RDF Keys, or why RDF is lousy at metadata annotations

Its claimed that RDF and OWL are really great because they
facilitate making metadata assertions.  The reality is that the
RDF and OWL standards do a lousy job at supporting metadata
annotations for (at least) two reasons.

To do a good job of annotating (attaching metadata) to something, you need
    (1) to reify the something, and
    (2) the URI needs to be globally unique, and it needs to be "repeatable".

By now its well understood that RDF statement reification is a loser,
because its chooses too small a grain size.  The best remedy is to
add contexts and quads to RDF.  If we did that, then (1) is taken
care of.  However, that's a subject for a different e-mail.
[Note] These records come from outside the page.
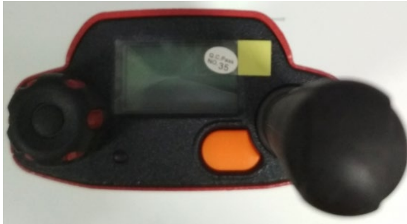
Top View (with Antenna), Model MTP8550Ex / MTP8500Ex
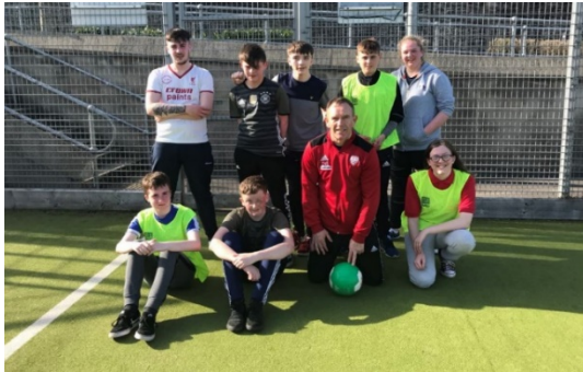
Young People at MUGA in Fountain
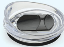
Push-On High Profile Slider
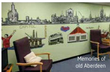
Memories of old Aberdeen
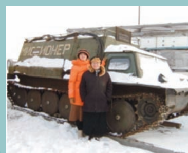
The church's cross country vehicle which is named "The Missionary"!

We left Evensk as soon as we could on the Saturday morning. We reached Magadan with only about 20 minutes to spare to get onto the Vladivostok flight, but we did it alright. It was snowing when we departed and the weather was getting worse. We thankfully got back to Vladivostok that evening!
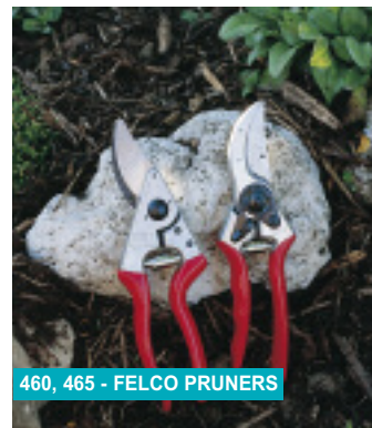
460, 465 - FELCO PRUNERS
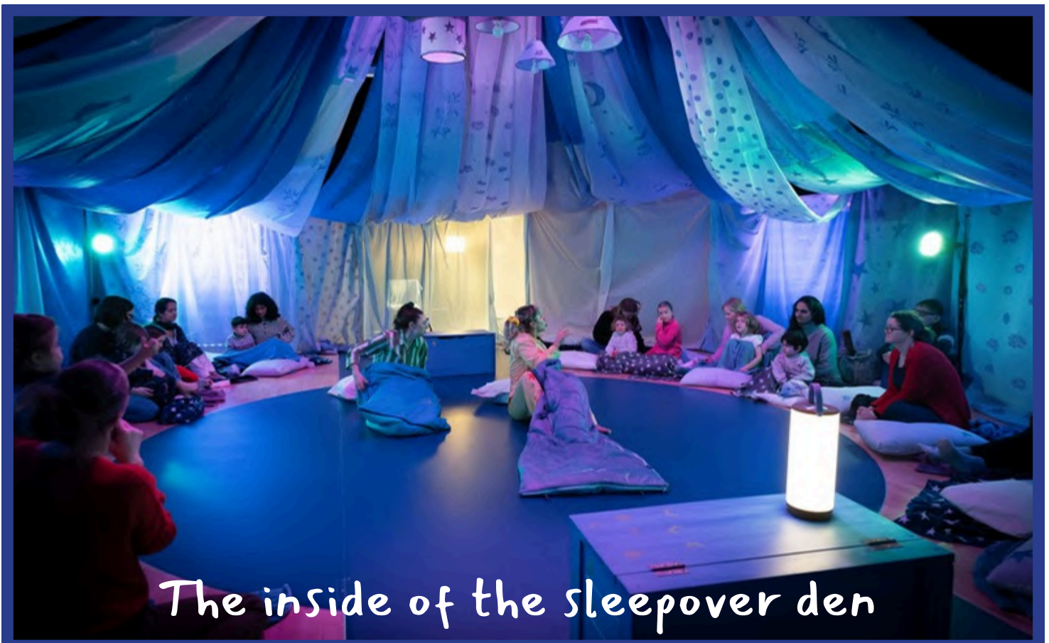
The inside of the sleepover den
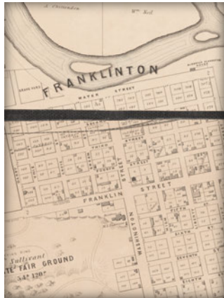
1813 Franklinton, Ohio plat map
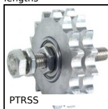
PTRSS Idler chain sprocket, For hostile environments
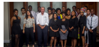
South African Scholars at the Graduate Dinner
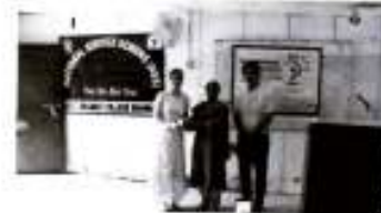
NSS unit of GDC Bishnah organised Poshan Abhiyan on 28.09.2019
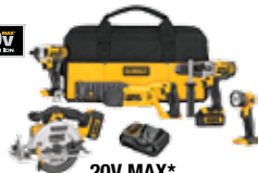
20V MAX* 5-Tool Combo Kit
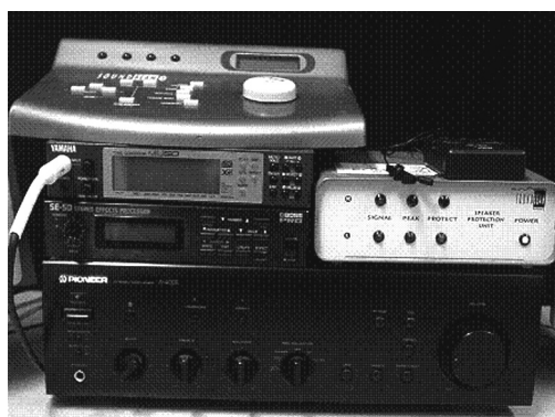
Figure 2. (left) Soundbeam control unit; (upper left) stereo sound module and stereo effect processing unit; (left middle) speaker protection unit for vibroacoustic soundbox (white) with wireless microphone upon it. All rest upon the main system stereo amplifier.
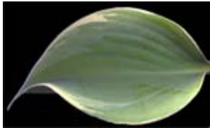
H. 'Blue Flame'

This newsletter contains a list of all the new, and re-introduced, varieties we plan to have for sale in 2009. We had hoped to do a complete listing of all available varieties for 2009, but there isn't enough room! Instead, we have created a PDF of our 2009 catalogue you can download and print off - see here for more details.
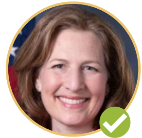
KIM SCHRIER U.S. CONGRESS DISTRICT 8
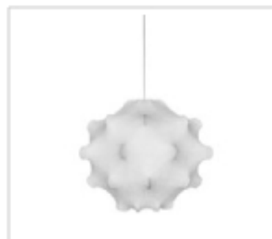
Taraxacum 1 design by Achille Castiglioni and Pier Giacomo Castiglioni

Suspension lamp providing diffused lighting
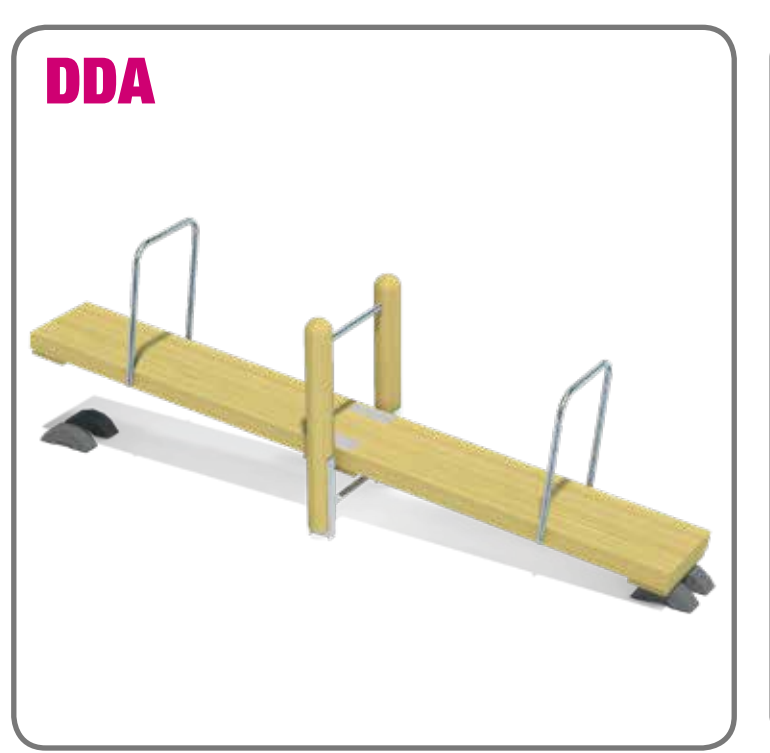
23. Standup Seesaw
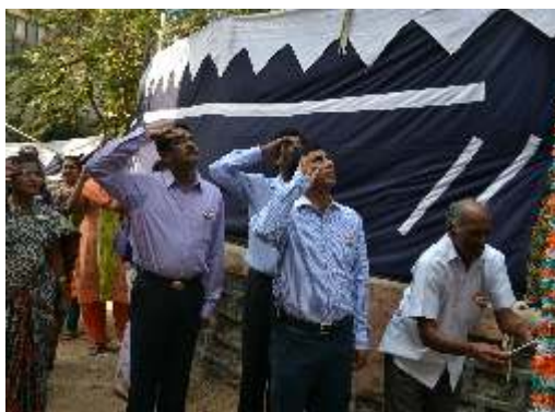
Republic Day celebrations
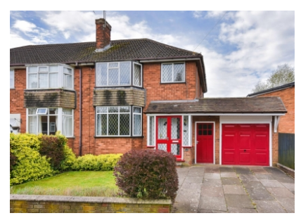
Wombourne Park, Wombourne
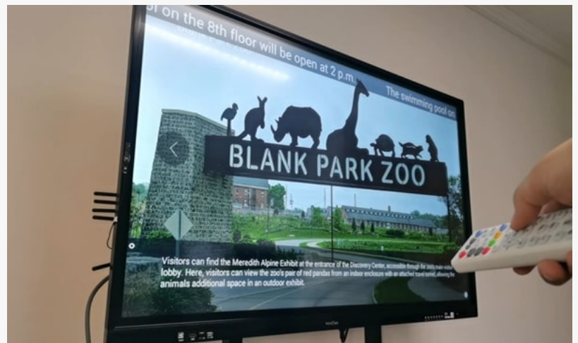
FMUSER hotel IPTV solution nearby services section
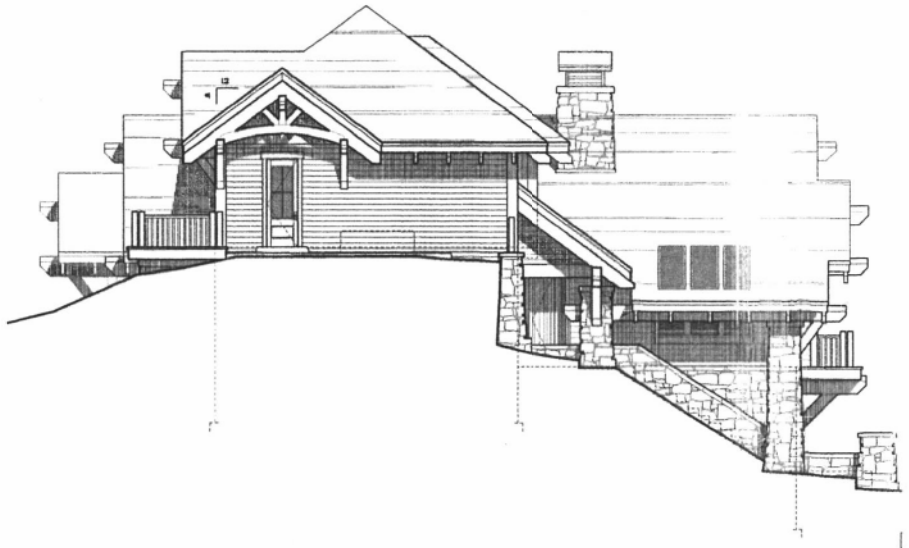
4 East Elevation A3.1 SCALE: 3/16" = 1'-0"
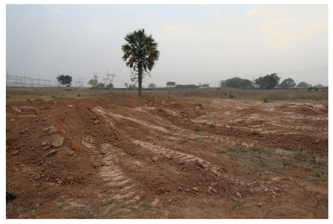
International Possible mass grave, Zaria - Close-up, bulldozer tracks visible

Amnesty International received numerous allegations that those killed during the incidents in Zaria were secretly buried in mass graves in the days after the incidents. Families of those confirmed killed and of those who have been missing since the incidents and presumed to also have been killed have endured untold anguish, not knowing if their loved ones have been buried and if so where.
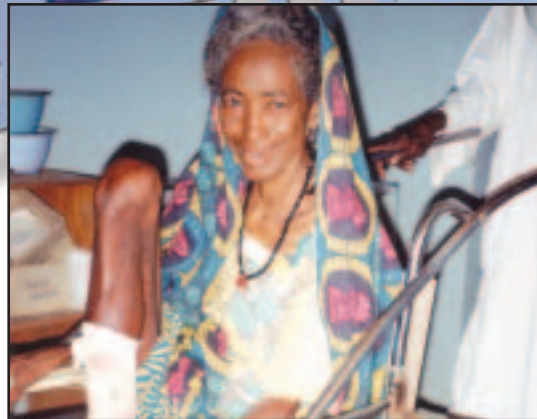
There's nothing like a colorful and heartfelt mission-field smile to reward a missionary doctor
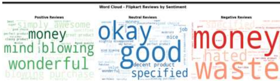
Fig No:1 WORD CLOUD
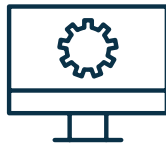
Online FX Trading
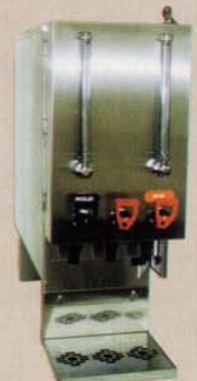
Model 672 Shown with Site Glasses
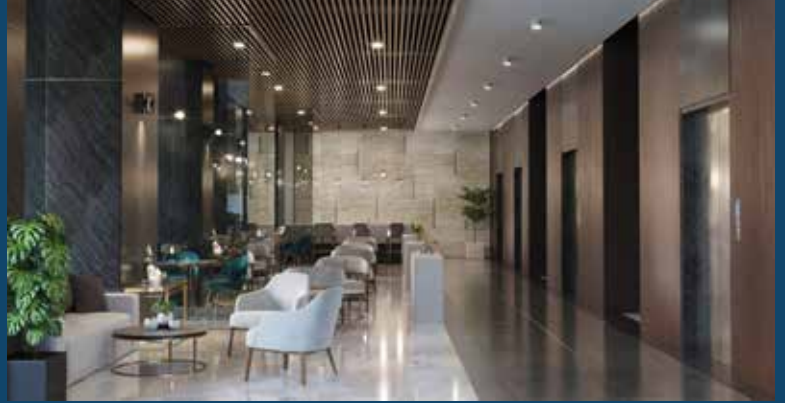
Library + Coffee Shop + Meeting Pods

Here I'm really addressing the Bnode problem.  The proper scope
for a bnode is the model that it belongs too.  That means that
to reference a resource/entity outside of the model, you need
something other than a bnode--you need a resource with a globally
unique URI.  Its easy, but quite useless for annotation purposes, to use
"gensym" URIs, where you generate a unique URI on the fly, because
the next time you load the model, you get a different URI.  In other
words, the URI is not "repeatable".   To achieve repeatability, some misguided
proposals suggest concatenating or hashing all of the values of attributes
of a resource to create a repeatable URI.  If you do that, the attributes
of a resource cannot be updated.

The right solution is to generate a URI based on a minimal set of attribute
values that can be guaranteed not to change.  This is the definition of a
"key" (or primary key).  Proper database tables have primary key definitions.
XML items don't have keys, but they should.   And RDF classes should define
keys.

Defining a key on a class C in RDF is very simple.  A key consists of a
set of properties--the order doesn't matter.  If P1 and P2 are properties
that define a key for C, then we can invent a new property "hasKeyProperty" and
make two statements:

C hasKeyProperty P1 .
C hasKeyProperty P2 .

and we're done.  Now we have the foundation needed to synthesize
unique and repeatable URIs.

Hence, my proposal for the follow-on to the current RDF is to define
a new predicate equivalent to "hasKeyProperty".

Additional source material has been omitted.